The conservative Chavez can claim few friends among leaders of Hispanic civil rights and advocacy groups, but none had taken a formal position against her. Some appeared headed down that road, however.
Chavez withdrew from consideration Tuesday in the face of persistent questions about a Guatemalan woman, in the country illegally, who lived with her in the early 1990s, did some housework around Chavez's suburban Washington home and occasionally was given money by Chavez.
In stepping down, Chavez said she wanted to "put a human face on the story" and appeared at a news conference with two Hispanic women, one with two children, and a Vietnamese man and brought them to the microphone to speak about her generosity toward them when they needed help.
She decried what had happened to her since Sunday, when her ties to the woman, Marta Mercado, came to light, as typical of the Washington-style "politics of personal destruction." She said she was stepping aside to spare President-elect Bush further distraction.
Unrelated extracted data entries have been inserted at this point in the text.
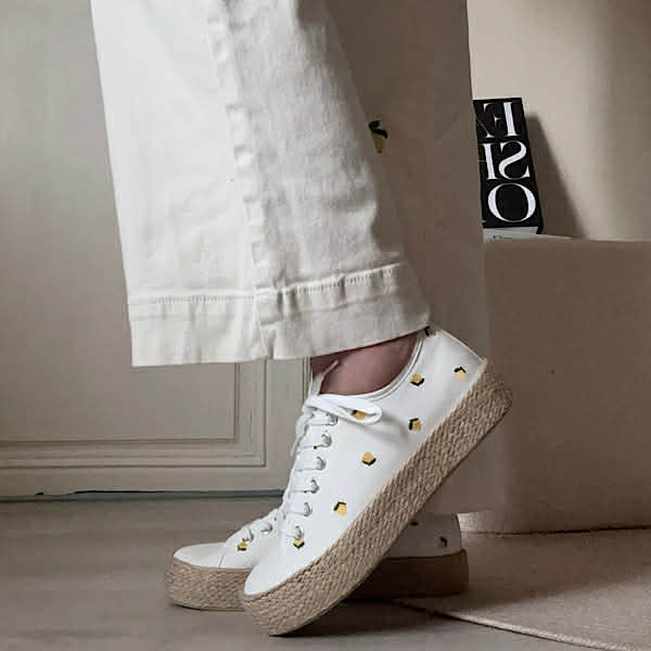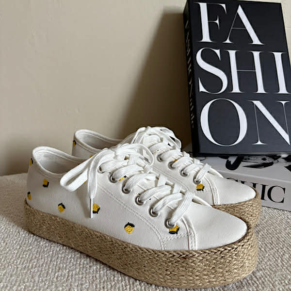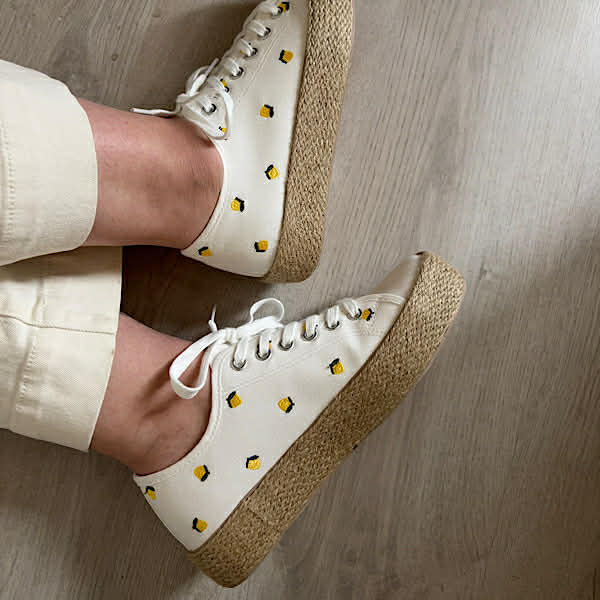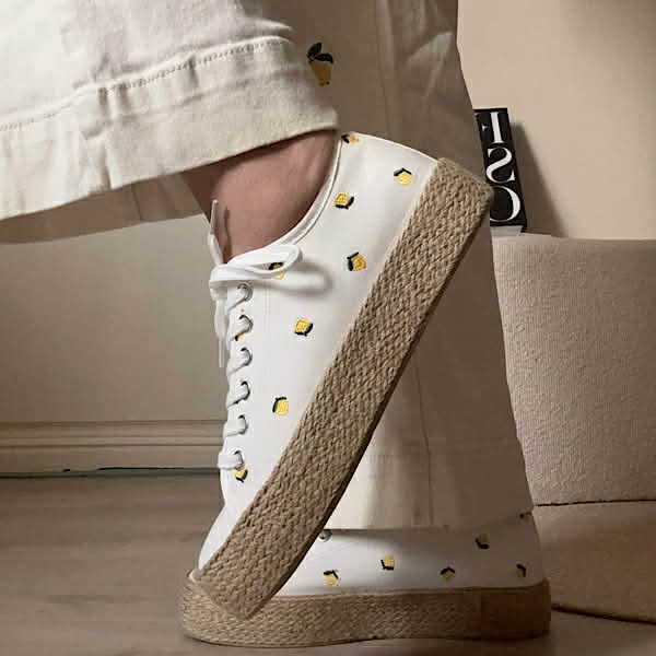 Apportez une touche de fraîcheur à vos tenues avec ces baskets à motifs citrons, au style estival. Leurs motifs brodés apportent une note originale et lumineuse, tandis que la semelle effet corde tressée leur donne un esprit naturel et tendance. Ces baskets allient style et légèreté pour un usage quotidien.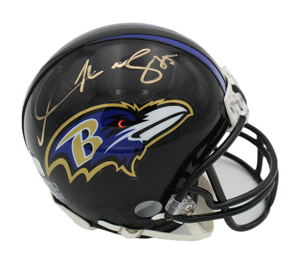 An Baltimore Ravens Current NFL Mini Helmet Hand Signed by Derrick Mason. The item and signature are in excellent condition. Derrick was drafted in 1997 in Round:4 and was in Pick:98. Derrick is a 2xPro Bowl(2000,2003). Derrick plays as a Wide Receiver for his position. Derrick First-Team ALL-Pro (2000). Derrick was a Receiving Yards would be 12,061. AUTHENTICATION: The item is accompanied by a Certificate of Authenticity - Serial Numbered and Databased Hologram - Picture of Derrick from the Signing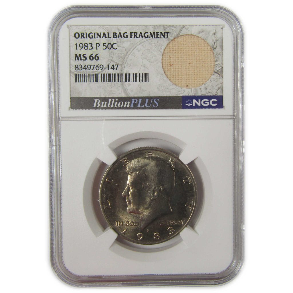 A genuine 1983 P Kennedy Clad Half Dollar Coin, graded and certified MS 66 by NGC. Comes with a fragment of an original vintage canvas bag embedded in the label.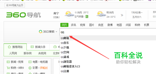 2、在浏览器首页输入QQ邮箱,按键盘Enter键搜索。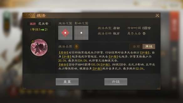 【被动】回合开始时自身获得106%护盾,持续2回合,受武力影响,且不受兵力降低影响。根据自身护盾提升造成伤害,最多提升至32%。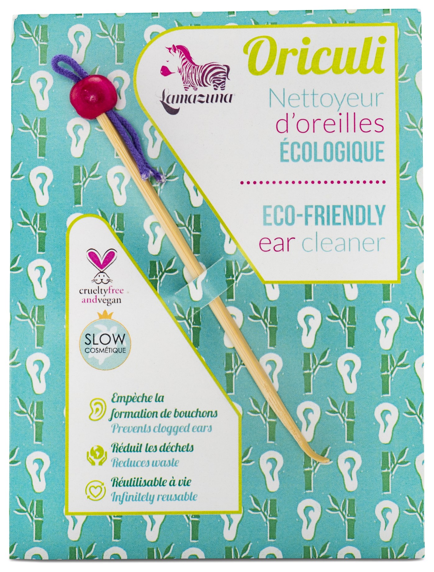 Lamazuna Oriculi Bamboo är ett mer skonsamt och miljövänligt sätt att rengöra öronen på. Den unika designen har sitt ursprung i traditioner från Kina och Japan och dessutom skyddar den trumhinnan eftersom du endast rengör den yttre delen av örat. Använd din Oriculi för att ta bort små smutspartiklar och rester av öronvax, rengör den och återanvänd nästa gång. Lamazuna Oriculi Bamboo går att använda många gånger om vilket gör att du sparar in på naturens resurser jämfört med att använda bomullspinnar med plasthandtag.

"I believe that I would have made a great secretary of labor," Chavez said.
Her decision also spared Hispanic groups from having to make a tough choice.
The Mexican American Legal Defense and Educational Fund, which had expressed "serious concerns" about the nomination, praised her decision to step down.
"Our concern with Chavez heading the (department) began long before the news broke about her having an undocumented immigrant," said Marisa Demeo, MALDEF's Washington lawyer. She cited Chavez's opposition to affirmative action, increases in the minimum wage and other labor laws.
The National Council of La Raza had called the selection "troubling," citing what the council considers Chavez's contempt for affirmative action and views "largely out of step with the interests of American workers."
"What has been very clear is that she has not received a ringing endorsement from any segment of the Latino community," said Lisa Navarette, spokeswoman for the National Council of La Raza.
With Chavez's decision, Hispanic groups got what they wanted without being put in the position of having to oppose one of their own for a top federal post.